CS: The pandemic has improved access and created barriers to mental health services for the LGBTQ+ community. In some ways, it has opened up more resources than ever before. The world of online mental health care has grown exponentially. For example, telehealth is now a common resource, and there has been an abundance of free and low-cost trainings offered online to practitioners to help them meet the new needs brought on by the pandemic. There have been numerous opportunities to gather in a community setting with people from all over the world through video. It has honestly been amazing to see how the mental health community and adjacent support systems have sprung into action around this. 

However, if you don’t have regular access to the internet, or you don’t have the privacy to engage in these services authentically, this whole world has just come into existence in a big meaningful way—and has left you behind. There have been many people who have had to stop their counseling services because their providers were not able to accommodate in-person appointments. An abrupt end to counseling services can be a traumatic experience in the best of times, but in the midst of a global pandemic it can have devastating outcomes. 

OFK: There's clearly an emotional component in the decision of whether or not to be vaccinated. How would you counsel an individual who is conflicted about the COVID-19 vaccine?

CS: Deciding whether or not to get a vaccine is a big decision![1] I’ve worked with so many people going through this decision-making process lately. There are many layers to this question, including: the current political climate; the pressing nature of the pandemic itself; historical experiences with the medical community; personal health considerations; fear of the unknown; and the list goes on.  

In counseling someone who is conflicted about their personal choice of whether or not to get the COIVID-19 vaccination, I would suggest that they make a list of all the various considerations (positive, negative, and neutral) they have about the vaccine, and note which elements have more weight than others. Seeing it written down takes it from the abstract to the tangible, which can help in the decision-making process.  

Then, I’d say gather information! Both from reputable, scientific resources, as well as from trusted people to see what their personal experiences were. It is important to approach the logical and the emotional sides of this decision with equal respect. After you’ve done all of that, it is time to sit with the information. Spend some time reflecting, and some time focusing on other things entirely, letting your brain mull over the information in the background.  

Once you’ve landed on a decision, say it out loud, and note how your body reacts. Did you tense? Did you feel a sense of relief? Our bodies give us so much great information about how we feel about something. Be kind to yourself, and if you need to spend further time gathering information and reflecting, do so. 

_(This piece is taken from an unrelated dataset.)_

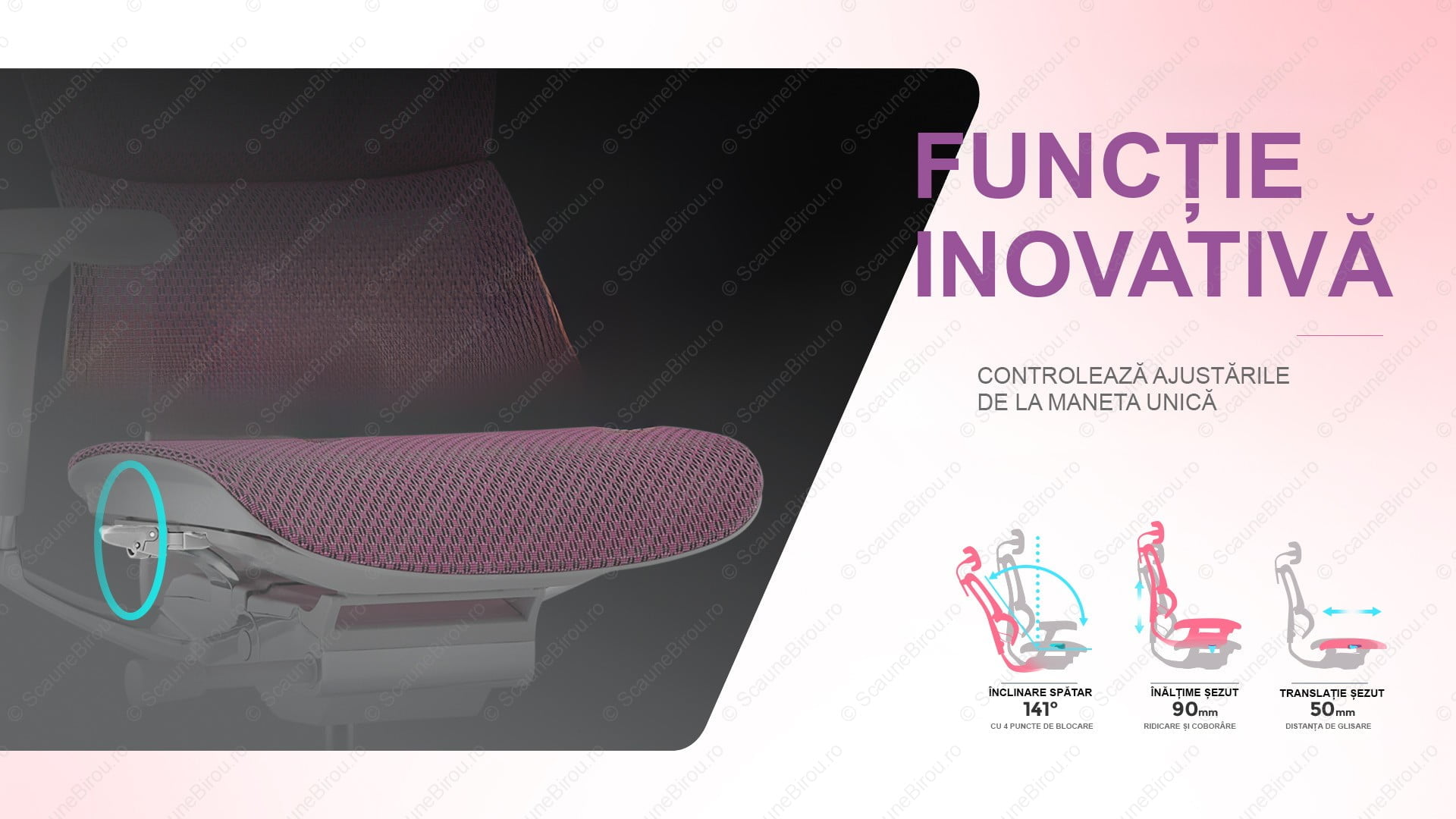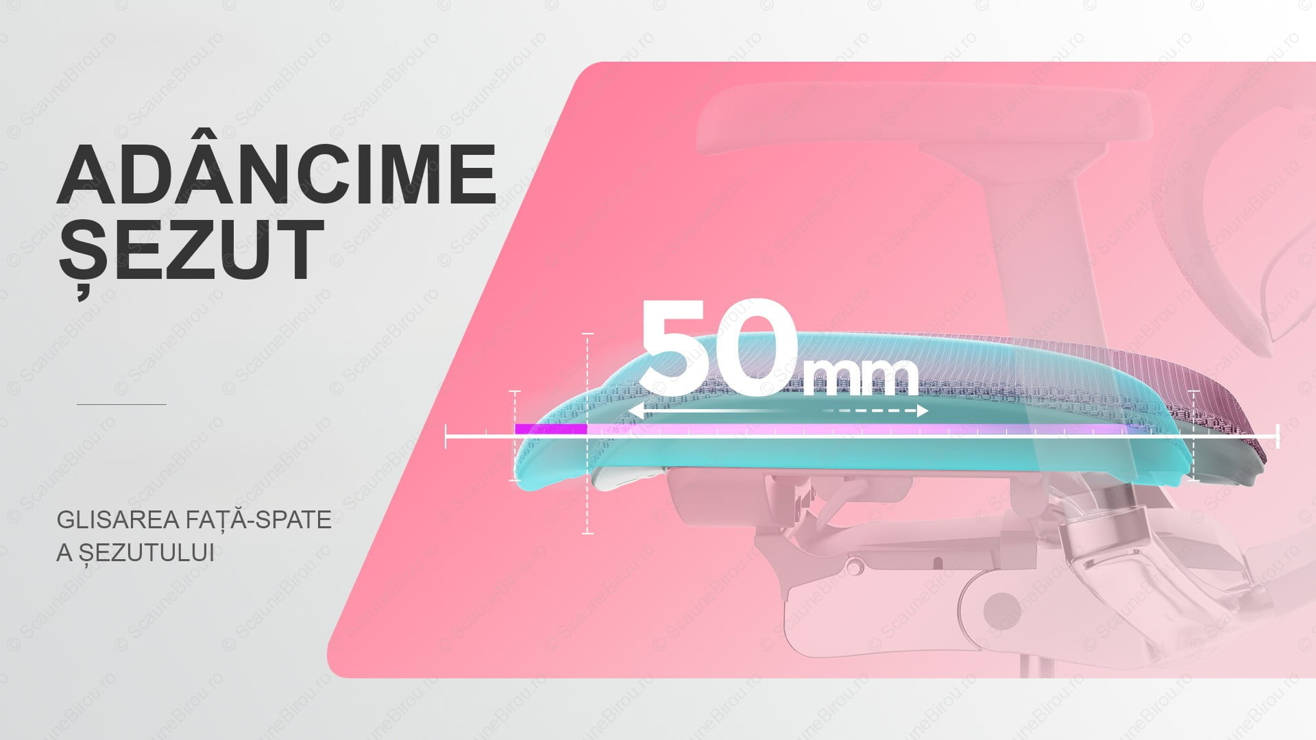 ✓ Șezutul beneficiază de translație (reglaj adâncime) având o cursă de 50 mm. Se va obține astfel o mai bună susținere pentru persoanele înalte.

I will offer one caveat to this process: watch out for anxiety. Some anxiety around whether or not to get vaccinated is expected, but if you find yourself continually cycling about this decision to the point of causing you distress or interfering with your ability to engage with your daily activities, it is time to take a step back. As with any other aspect of anxiety and emotional distress caused by the pandemic (or anything else), seeking mental health support is highly recommended.

[1] The CDC recommends you get vaccinated for COVID-19 as soon as you are eligible. COVID-19 vaccination will be an important tool to help stop the pandemic.